DATA UNDER STUDY →
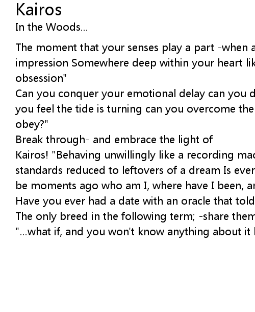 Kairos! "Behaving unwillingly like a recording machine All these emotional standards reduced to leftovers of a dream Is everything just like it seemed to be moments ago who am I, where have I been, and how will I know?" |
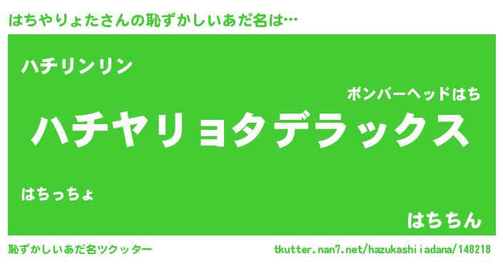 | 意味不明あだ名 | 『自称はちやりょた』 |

---

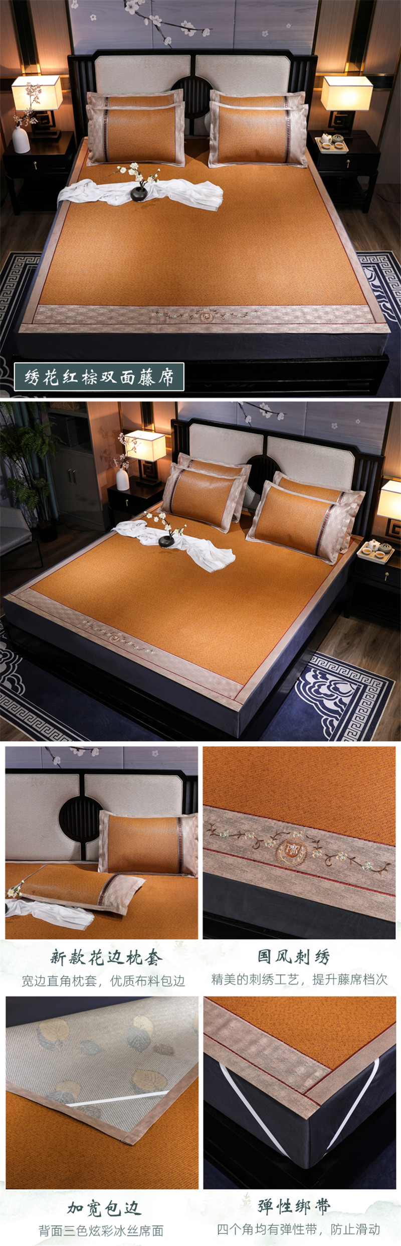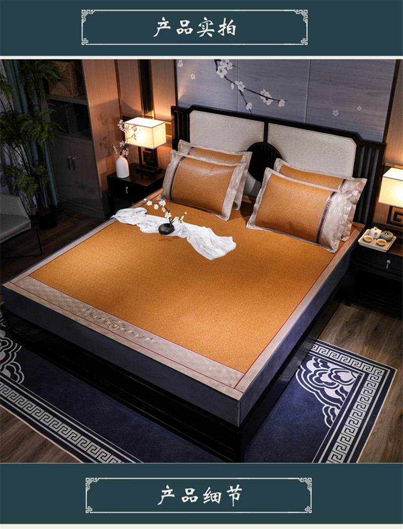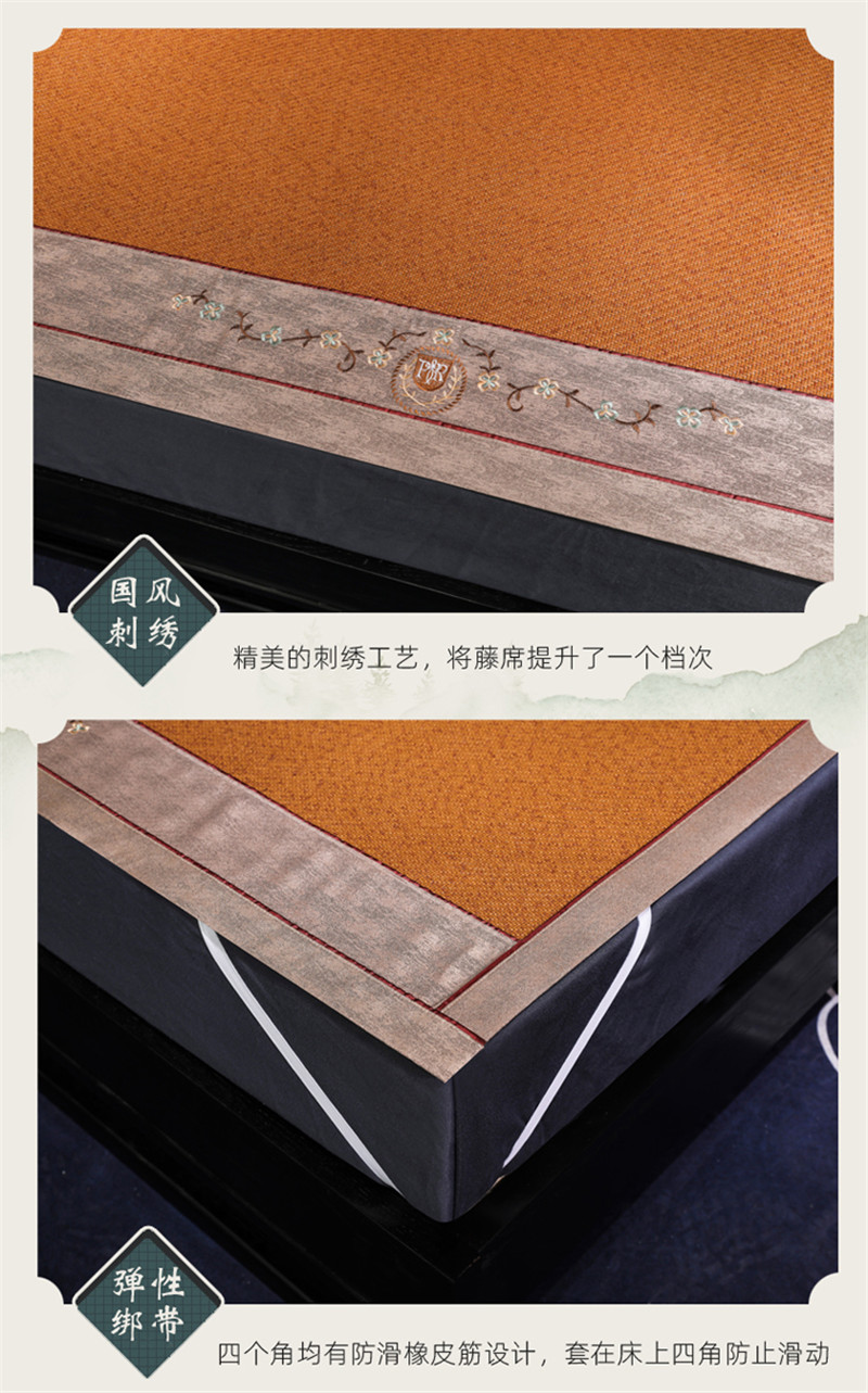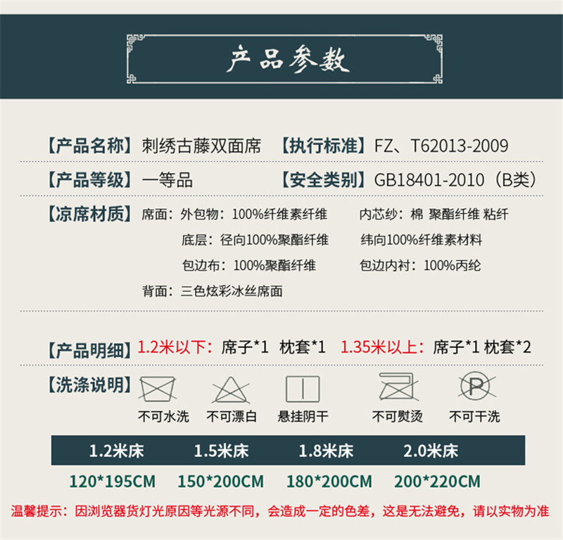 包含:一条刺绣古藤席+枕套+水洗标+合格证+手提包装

* * *

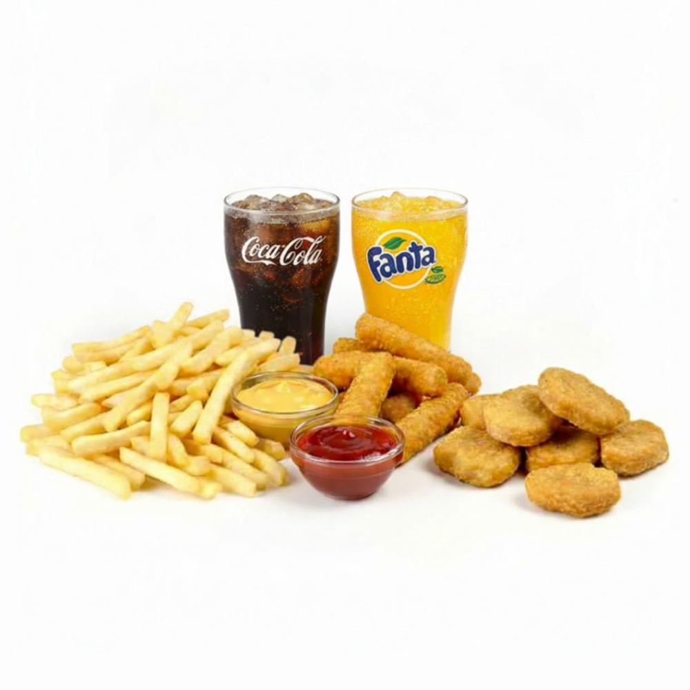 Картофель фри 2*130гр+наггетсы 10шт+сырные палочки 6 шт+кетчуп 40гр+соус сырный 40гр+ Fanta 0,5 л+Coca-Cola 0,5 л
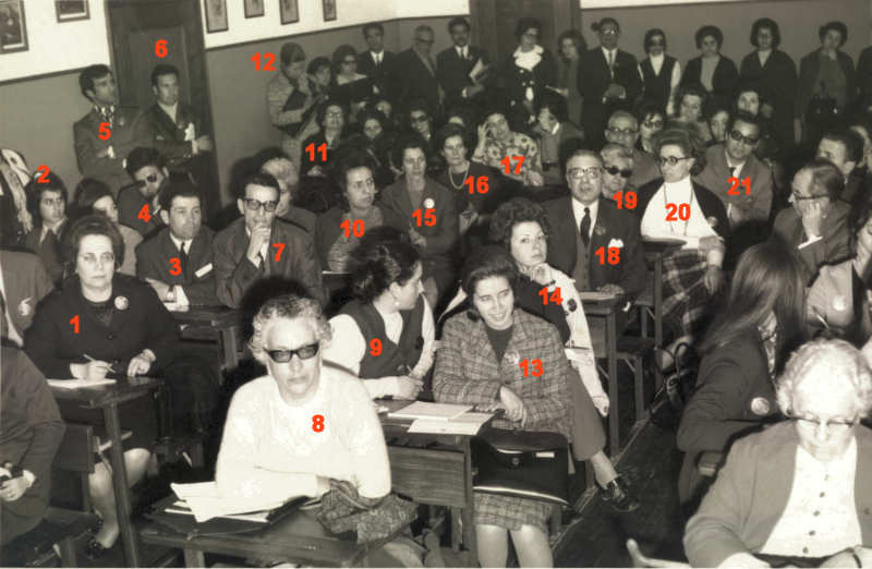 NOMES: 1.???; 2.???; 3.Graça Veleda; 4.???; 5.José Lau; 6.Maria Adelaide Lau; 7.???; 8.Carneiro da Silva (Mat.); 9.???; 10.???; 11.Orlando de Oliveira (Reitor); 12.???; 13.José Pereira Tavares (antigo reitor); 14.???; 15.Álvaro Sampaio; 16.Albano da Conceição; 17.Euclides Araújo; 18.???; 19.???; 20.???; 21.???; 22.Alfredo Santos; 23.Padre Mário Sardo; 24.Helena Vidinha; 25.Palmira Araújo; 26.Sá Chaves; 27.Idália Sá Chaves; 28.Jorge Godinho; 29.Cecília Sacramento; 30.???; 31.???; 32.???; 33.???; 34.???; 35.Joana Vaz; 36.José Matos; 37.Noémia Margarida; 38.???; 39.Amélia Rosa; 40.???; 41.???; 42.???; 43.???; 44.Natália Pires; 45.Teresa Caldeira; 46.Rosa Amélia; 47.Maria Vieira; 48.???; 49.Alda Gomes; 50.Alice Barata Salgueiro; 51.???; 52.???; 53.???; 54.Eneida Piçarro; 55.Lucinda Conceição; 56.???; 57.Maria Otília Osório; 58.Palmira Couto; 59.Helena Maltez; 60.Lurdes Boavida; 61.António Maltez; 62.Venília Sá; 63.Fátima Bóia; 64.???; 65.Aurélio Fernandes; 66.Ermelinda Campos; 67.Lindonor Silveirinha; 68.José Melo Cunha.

PROBLEM REQUIREMENTS →
Output exactly the stretch of the listing that begins at the line containing "unwillingly like a" and ends at the line containing "意味不明あだ名 | 『自称はちやりょた』 |", both kept. Omit pictures and everything else.

TASK SOLUTION →
 Kairos! "Behaving unwillingly like a recording machine All these emotional standards reduced to leftovers of a dream Is everything just like it seemed to be moments ago who am I, where have I been, and how will I know?" |
 | 意味不明あだ名 | 『自称はちやりょた』 |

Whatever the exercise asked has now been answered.